**What the task requires:**
Write the listing out once more, identical to the original but without pictures.

**Data block:**
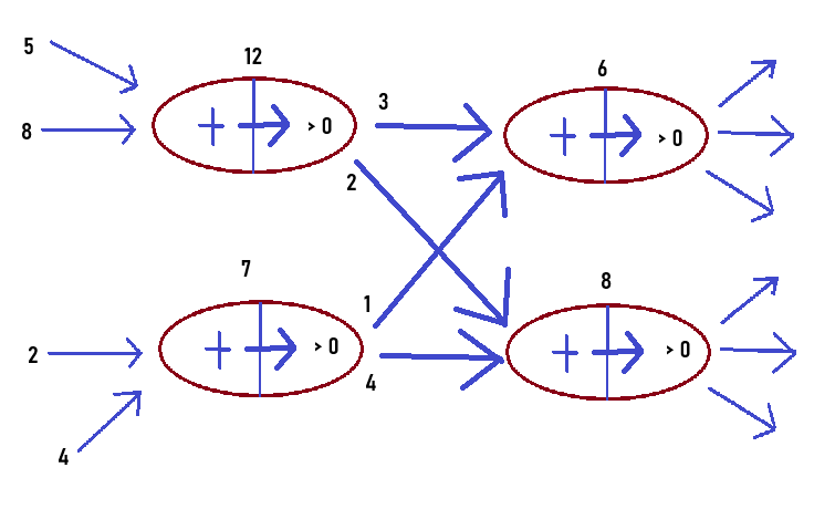 이제 1, 2번 뉴런에서 전송해준 값들로 3, 4번 뉴런 계산해보면 됩니다.
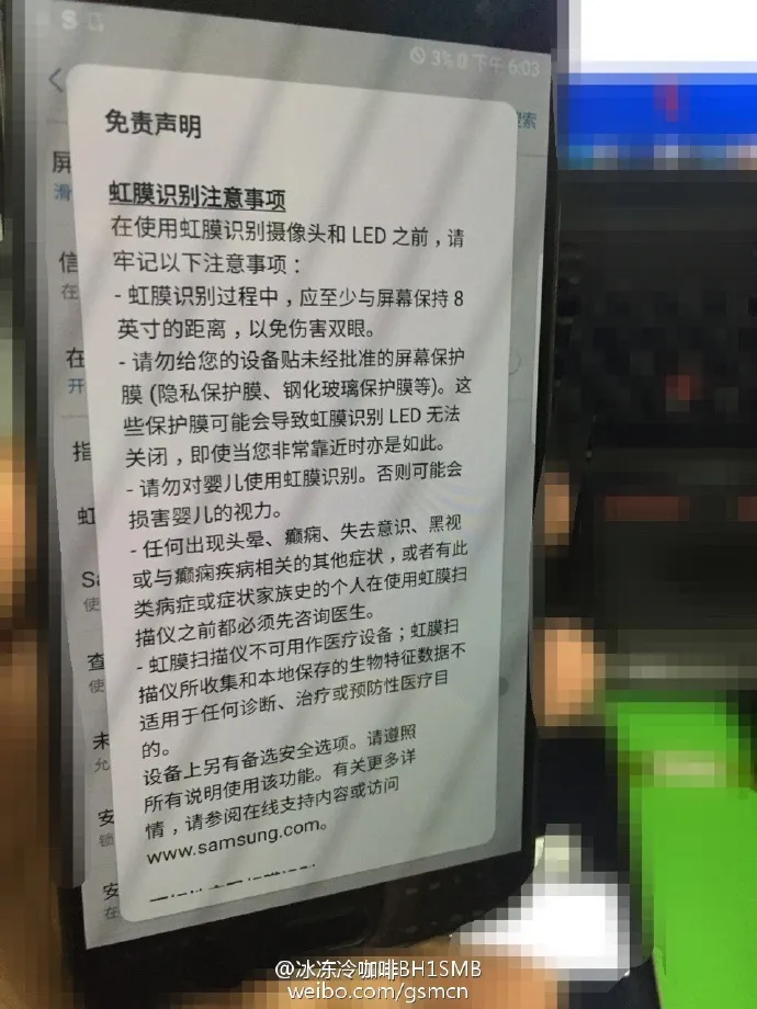 حسگر عنبیهی چشم گلکسی نوت ۷ محدودیتهای زیادی دارد
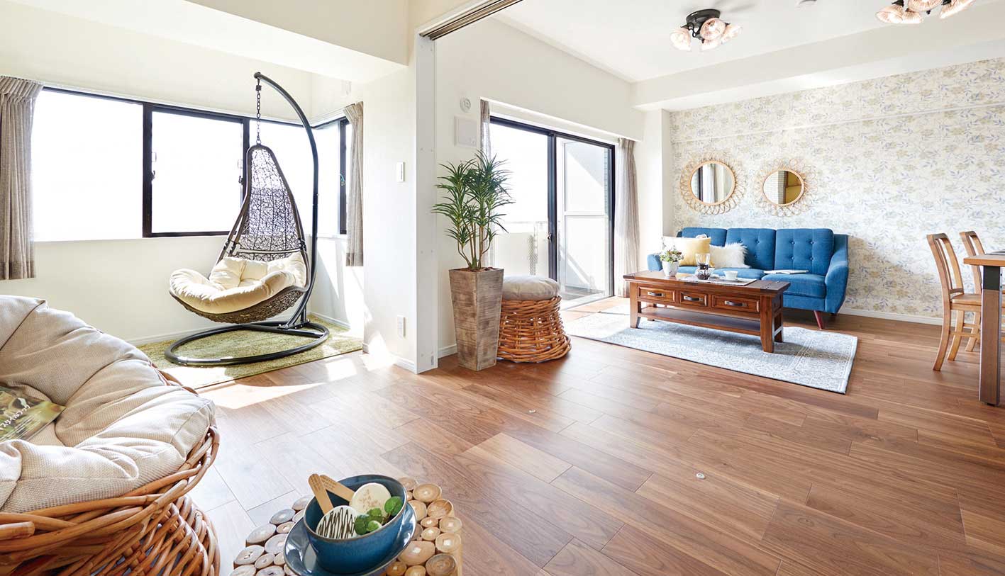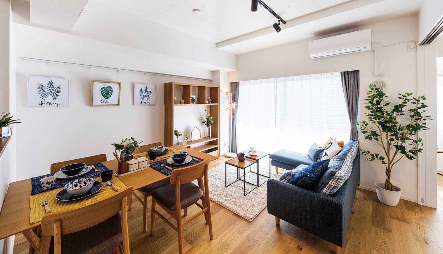 仕入時に「居住者がいなかったこと」、「防音・断熱の補強が必要だと判断したこと」、「各住戸同じ形の間取りであるが、世情はライフスタイルや好みの多様化が進んでいる」などを勘案して、事業の方向性を「専有部を全住戸フルスケルトンリノベーション」する企画としました。さらに、ただ単純に全住戸フルスケルトンにするのではなく購入する方に経済面で還元できるよう、通常の「フラット35」の金利から一定期間金利を引き下げるフラット35リノベの「省エネルギー性適合基準」に合うようバリューアップ。全51戸中49戸の住戸がフラット35リノベの適用が可能となり(金利Aプランは45戸)、ご購入されるお客様に性能だけではなく経済面でも還元しています。また、専有部のリノベーションは個性の違う3社に発注、タイプをそれぞれ「北欧モダンテイスト」「アーバンシックテイスト」「ブルックリンテイスト」に仕上げ、ライフスタイルや好みで選んでいただけるよう工夫しています。
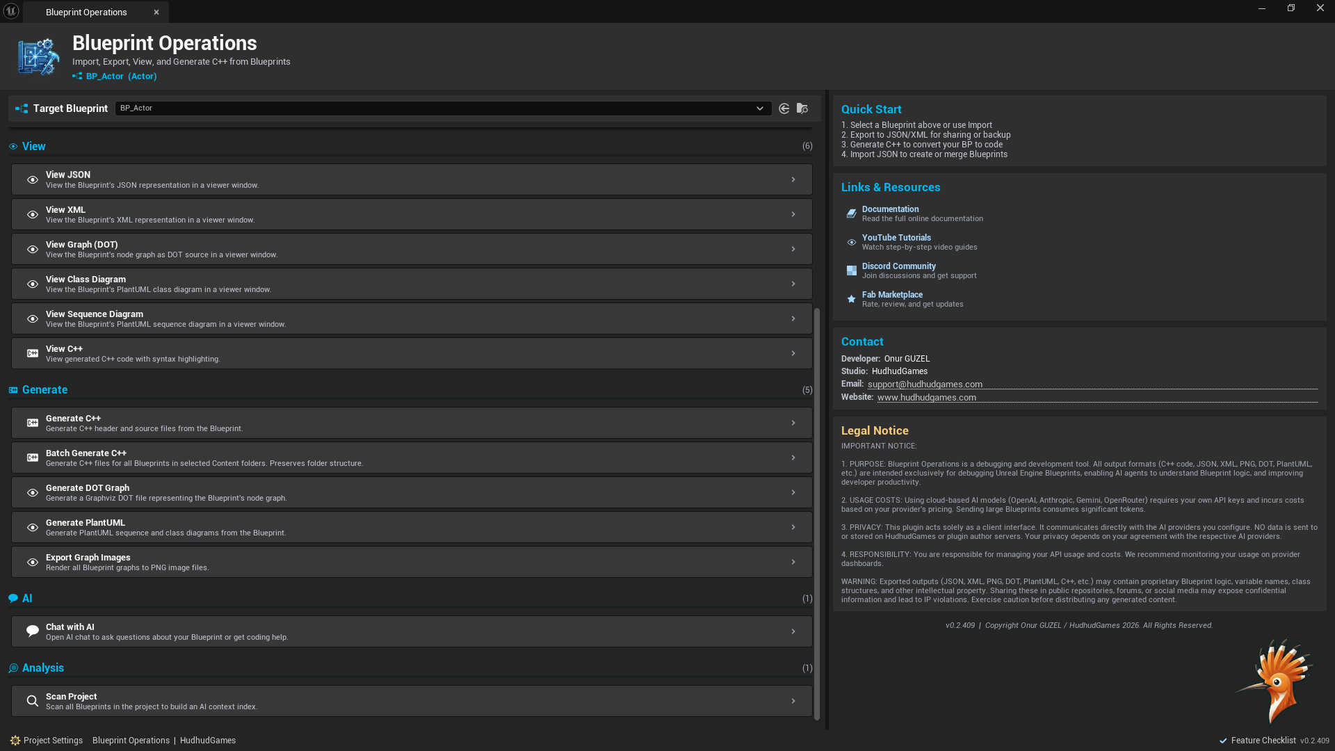 Blueprint Operations is the most comprehensive Blueprint utility toolkit for Unreal Engine. It bridges the gap between visual scripting and text-based workflows by exporting Blueprint graphs to structured JSON, enabling AI-powered analysis, generating placeholder C++ code, and providing a full visual graph inspector — all from the Content Browser context menu or a dedicated editor window.

**Expected answer:**
 이제 1, 2번 뉴런에서 전송해준 값들로 3, 4번 뉴런 계산해보면 됩니다.
 حسگر عنبیهی چشم گلکسی نوت ۷ محدودیتهای زیادی دارد
 仕入時に「居住者がいなかったこと」、「防音・断熱の補強が必要だと判断したこと」、「各住戸同じ形の間取りであるが、世情はライフスタイルや好みの多様化が進んでいる」などを勘案して、事業の方向性を「専有部を全住戸フルスケルトンリノベーション」する企画としました。さらに、ただ単純に全住戸フルスケルトンにするのではなく購入する方に経済面で還元できるよう、通常の「フラット35」の金利から一定期間金利を引き下げるフラット35リノベの「省エネルギー性適合基準」に合うようバリューアップ。全51戸中49戸の住戸がフラット35リノベの適用が可能となり(金利Aプランは45戸)、ご購入されるお客様に性能だけではなく経済面でも還元しています。また、専有部のリノベーションは個性の違う3社に発注、タイプをそれぞれ「北欧モダンテイスト」「アーバンシックテイスト」「ブルックリンテイスト」に仕上げ、ライフスタイルや好みで選んでいただけるよう工夫しています。
 Blueprint Operations is the most comprehensive Blueprint utility toolkit for Unreal Engine. It bridges the gap between visual scripting and text-based workflows by exporting Blueprint graphs to structured JSON, enabling AI-powered analysis, generating placeholder C++ code, and providing a full visual graph inspector — all from the Content Browser context menu or a dedicated editor window.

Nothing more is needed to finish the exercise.